Science of Violent Behaviour
Recent discoveries have been made about the inevitable workings of the brain in the fields of social psychology, neurology, and epidemiology that have shed some light on how violent behaviours are formed
What does science tell us about the causes of violent behaviour?
- Most behaviours – including violent behaviour – are actually acquired or learned.
- Most of this learning is not intentional or classroom-based; rather, learned. behaviours come from modelling, observing, imitating, or copying. (This is sometimes called social learning.)
- Most of this social learning is unconscious – meaning behaviours are picked up without our awareness of it.
- Exposure to violence increases one’s risk of becoming violent, transmitting from one person to another in the same manner as a contagious disease.
- Neurological events mediate this contagion and there are additional physiological effects from both witnessing and trauma that accelerate the contagion.
- Social norms, scripts, and perceived social expectations further exacerbate this contagion by encouraging violent behaviour to spread.

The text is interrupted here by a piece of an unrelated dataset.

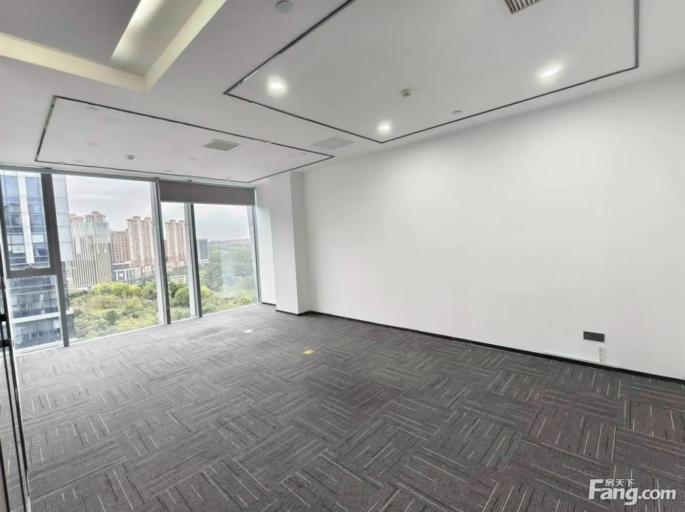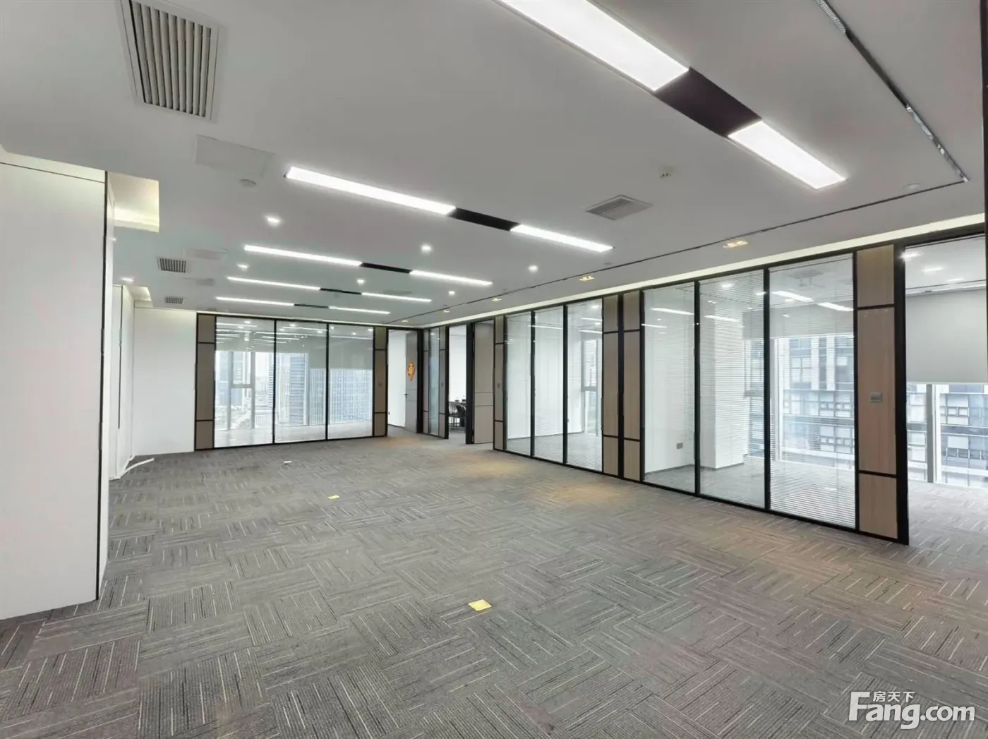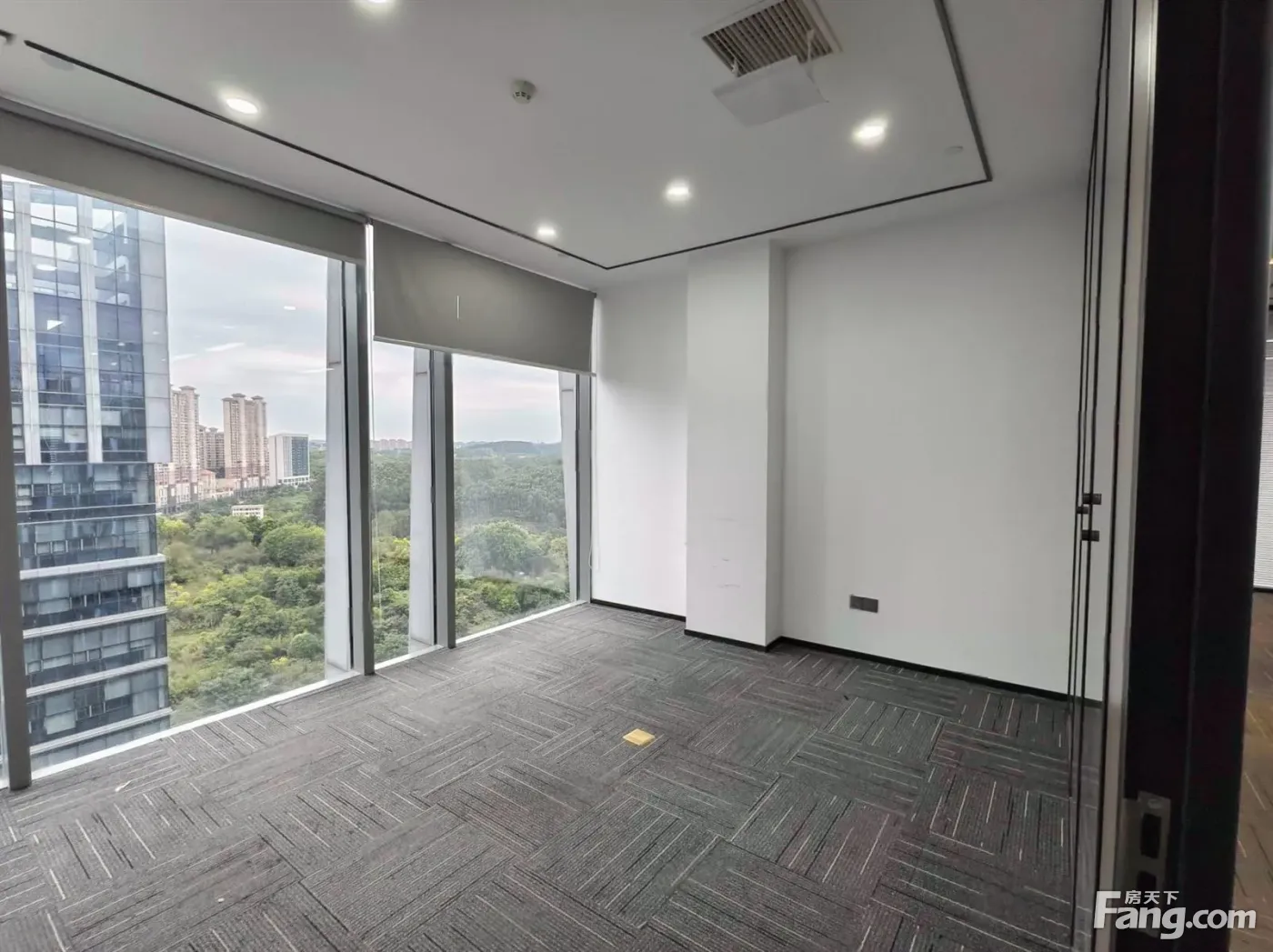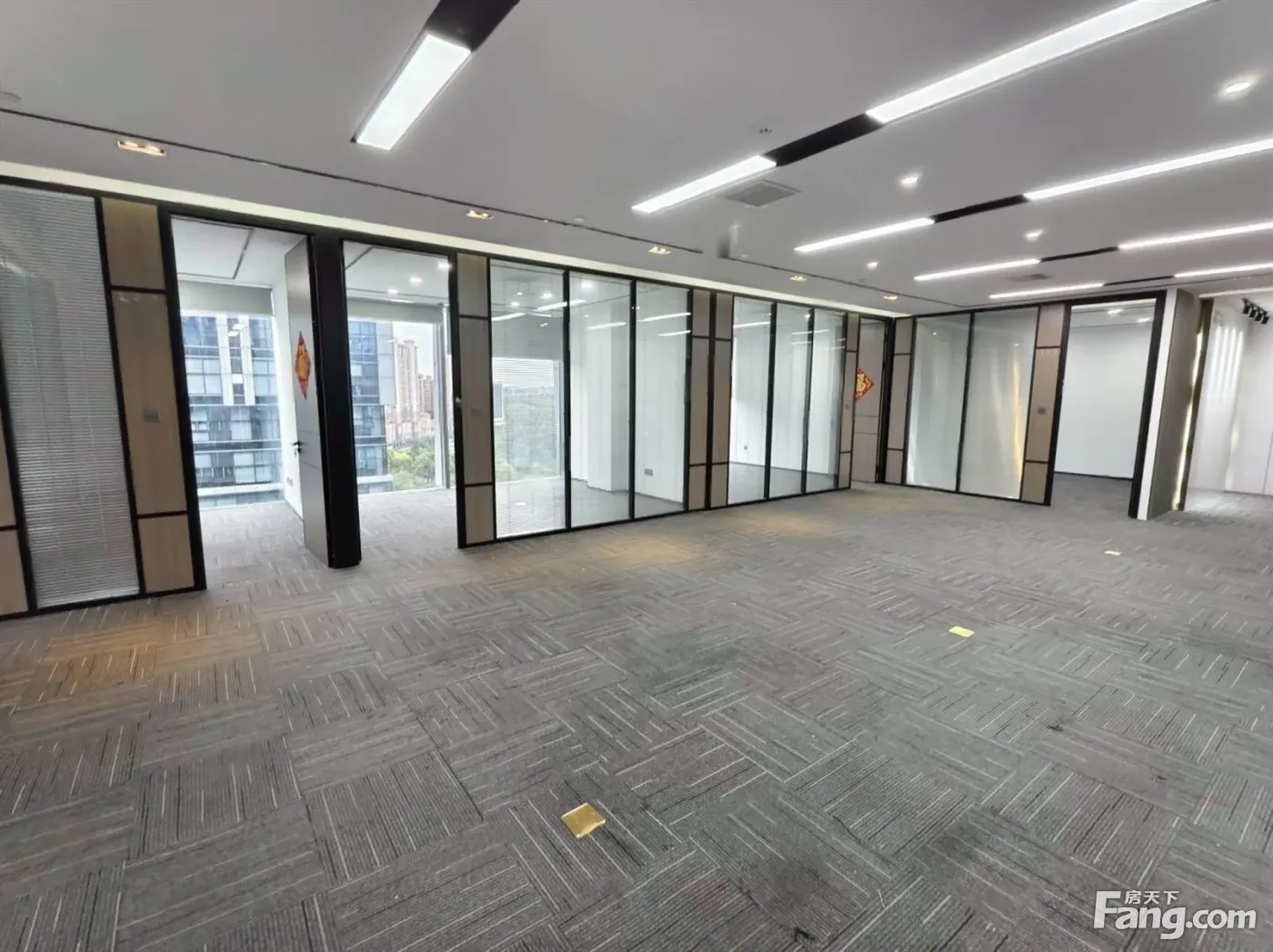 绿地办公室出租 精装5个隔间 全景落地窗朝南看公园 户型方正

What all of this tells us is that violence is transmitted in the same manner as a disease. It has been said for a long time that violence begets violence, but it is just as tuberculosis begets tuberculosis, or flu begets flu, that violence begets violence.
And this is true for all types of violence: from child abuse and intimate partner violence to community violence and genocide.
How can we use this scientific understanding to stop violence?
A scientific strategy means that we don’t look at “good” and “bad” people, but instead looks for desirable and undesirable events, or “outcomes.” Most importantly, it employs what we know from decades of experience in reversing other epidemics.
The reversal of epidemics is primarily reliant not on antibiotics or vaccines, which do not exist for many diseases, but on behaviour change that stops the spread of the disease. Therefore, this new strategy to eradicate violence must use behaviour change techniques that are based not on moralistic or sociological diagnoses, but on proven scientific findings.
The biggest thing that science tells us is that violence is not inevitable. We can create a world were violence is a rare occurrence, like plague or cholera is today. There are scientifically informed approaches that have been refined for decades in epidemiology that can change unhealthy behaviours.